This ratio was calculated for the high TFD subset as well as for the full set of molecules. To identify whether a parameter would be found more likely in the high TFD subset than the full molecule set, we compared the two representation ratios between the subset and full set using the one-sample Z-test for proportions. The population proportion for some parameter was designated as its representation ratio in the full molecule set, and the sample proportion was assigned to be the parameter’s representation ratio in the high TFD subset. We took the 95% confidence intervals from this Z-test to be the error bars for the representation ratios of the high TFD subset.
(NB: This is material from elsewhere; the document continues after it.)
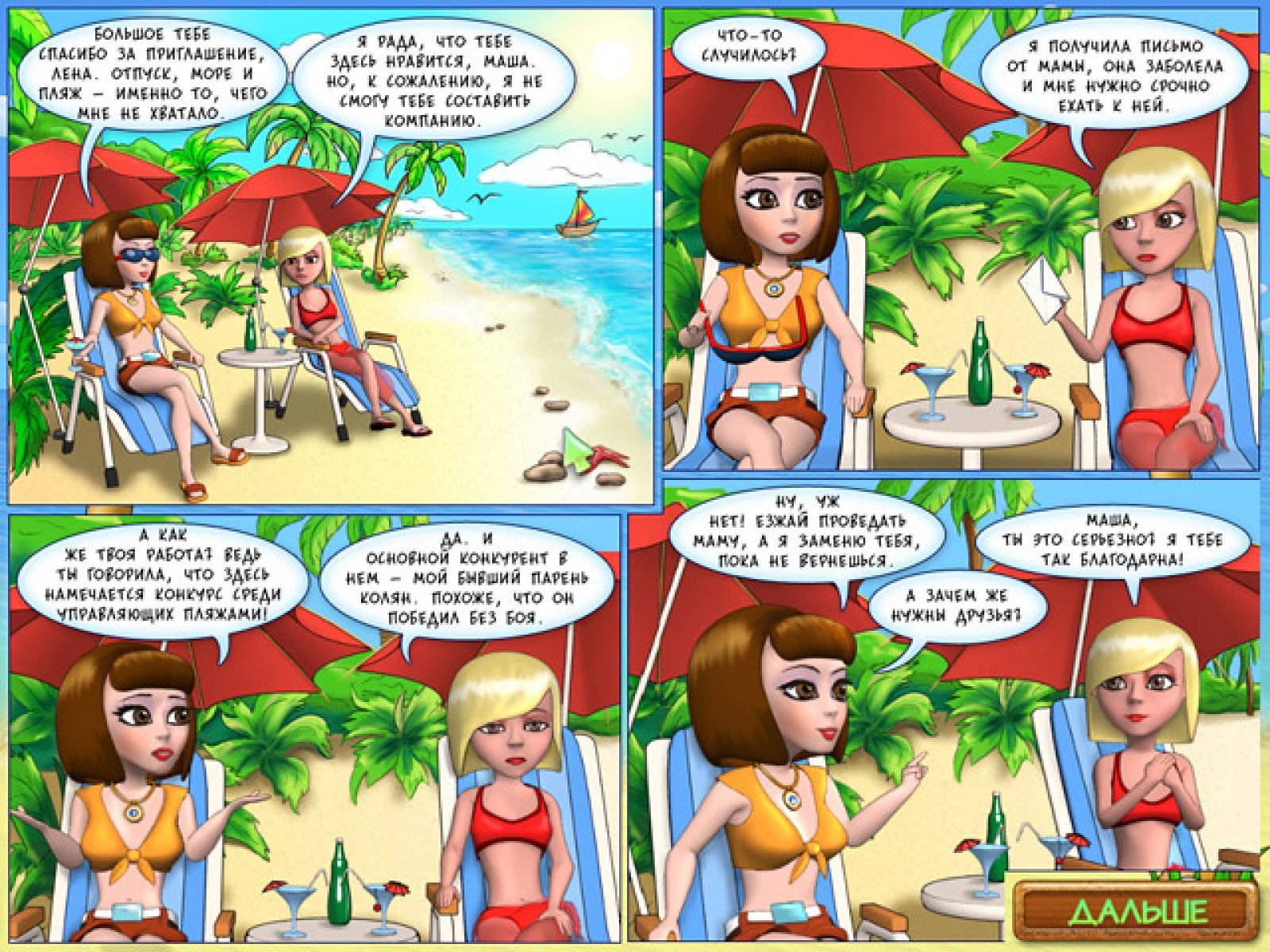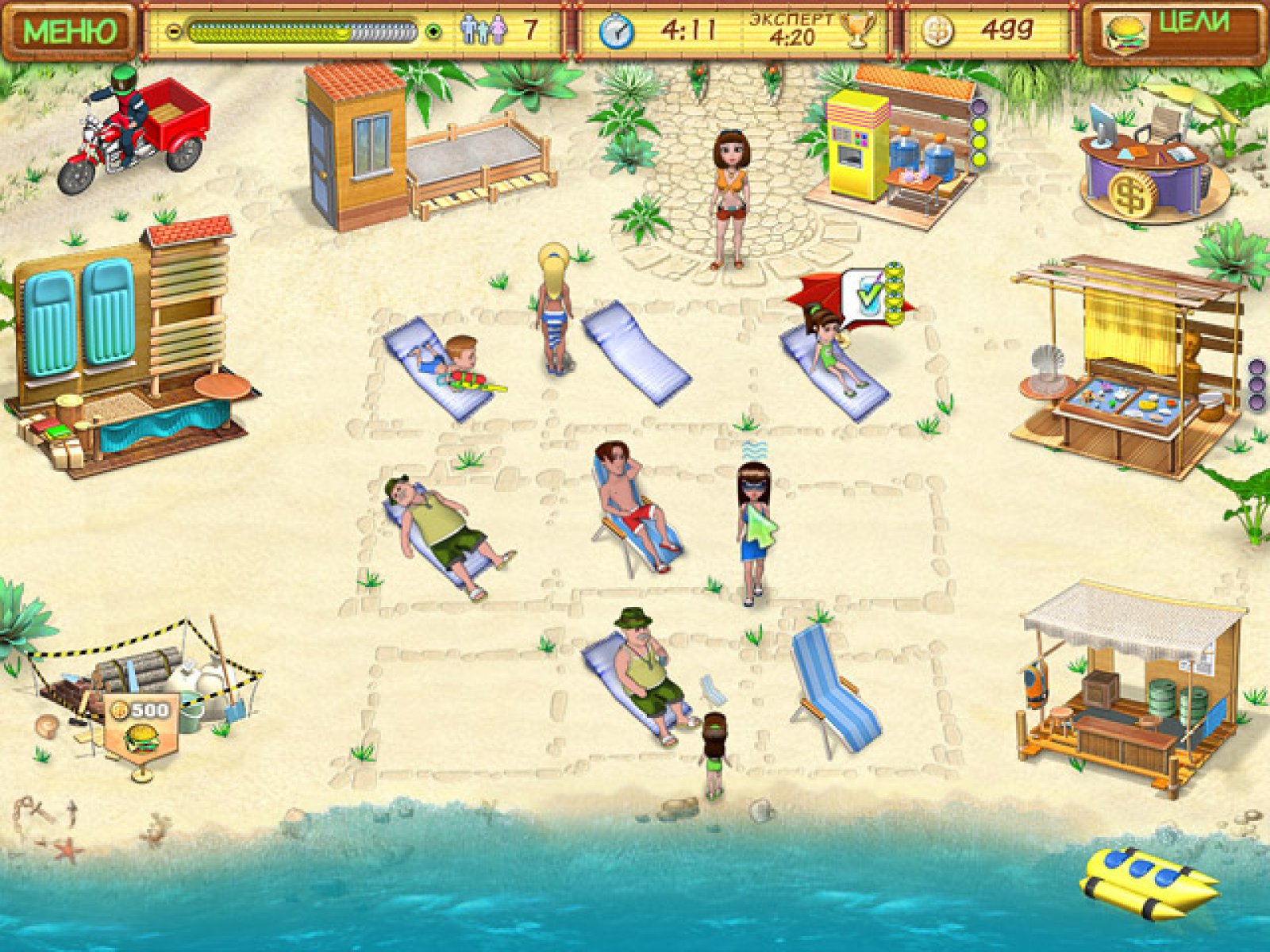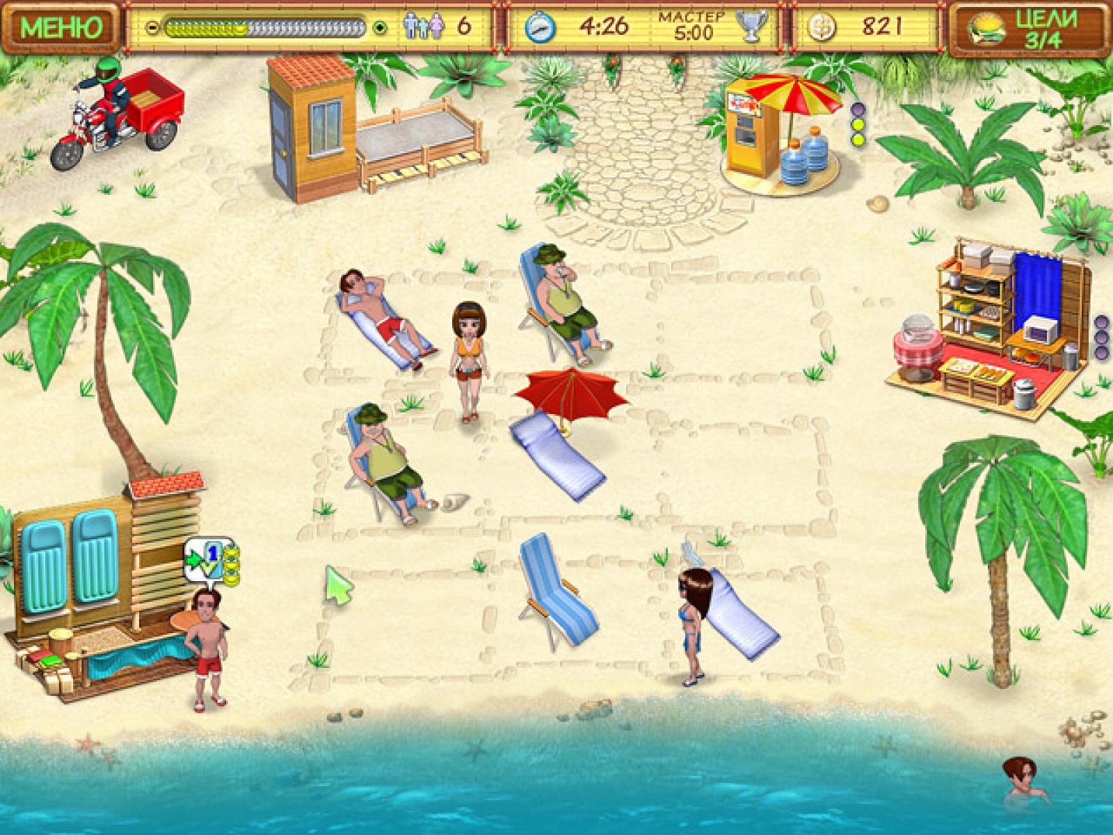 В этой интересной и увлекательной игре вам предстоит не только освоить азы пляжного бизнеса, но изрядно постараться в попытке набрать рейтинг выше, чем у главного соперника. Следите за тем, чтобы отдыхающие были довольны, приносите им вовремя прохладительные напитки, бутерброды, сдавайте в прокат надувные матрасы и не забудьте про зонтики, защищающие от солнца. Одной из отличительных особенностей игры «Пляжный переполох» является большое количество веселых мини-игр. Составление бутербродов, выбор сувениров и даже простое наполнение стакана водой превращается в увлекательнейший набор действий, оторваться от которого с каждым разом все сложнее. Добавьте ко всему этому яркую графику, забавных персонажей и антураж песчаного пляжа под южным солнцем — и вы получите не только отличную игру, но и возможность побывать в отпуске, не вставая из-за компьютера.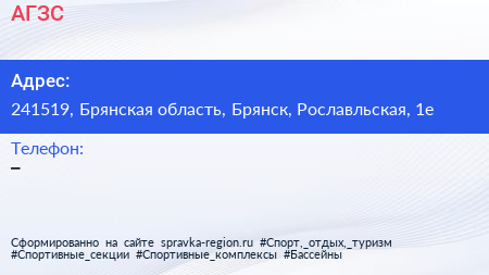 АГЗС по адресу 241519, Брянская область, Брянск, Рославльская, 1е в дальнейшем Организация, размещена в следующих категориях:

Parameters having 20 or fewer molecules in the high TFD subset were excluded from further analysis and plotting due to inconclusive results from small sample sizes.

The complete Python code used for the setup, FF minimizations, and analysis of this work is open sourced and available on Github at https://github.com/MobleyLab/benchmarkff 90. An earlier version of this article can be found on chemRxiv (doi: https://doi.org/10. 26434/chemrxiv.12551867.v2).

Results and Discussion

Here, we present and discuss our results comparing several general small molecule force fields against reference QM data. We are interested in two major categories of comparison – energetic agreement and geometric agreement. Particularly, an ideal force field will yield the same energy minima or optimized geometries as the QM energy landscape, with no additional minima, and the relative energies of those minima will agree between QM and MM. Thus, to assess performance in these two categories, we computed relative conformer energies and compared these between MM and QM, as well as assessed geometric agreement of MM optimized geometries with those from QM. We also identified specific parameters for the improvement of future versions of the OpenFF small molecule force field.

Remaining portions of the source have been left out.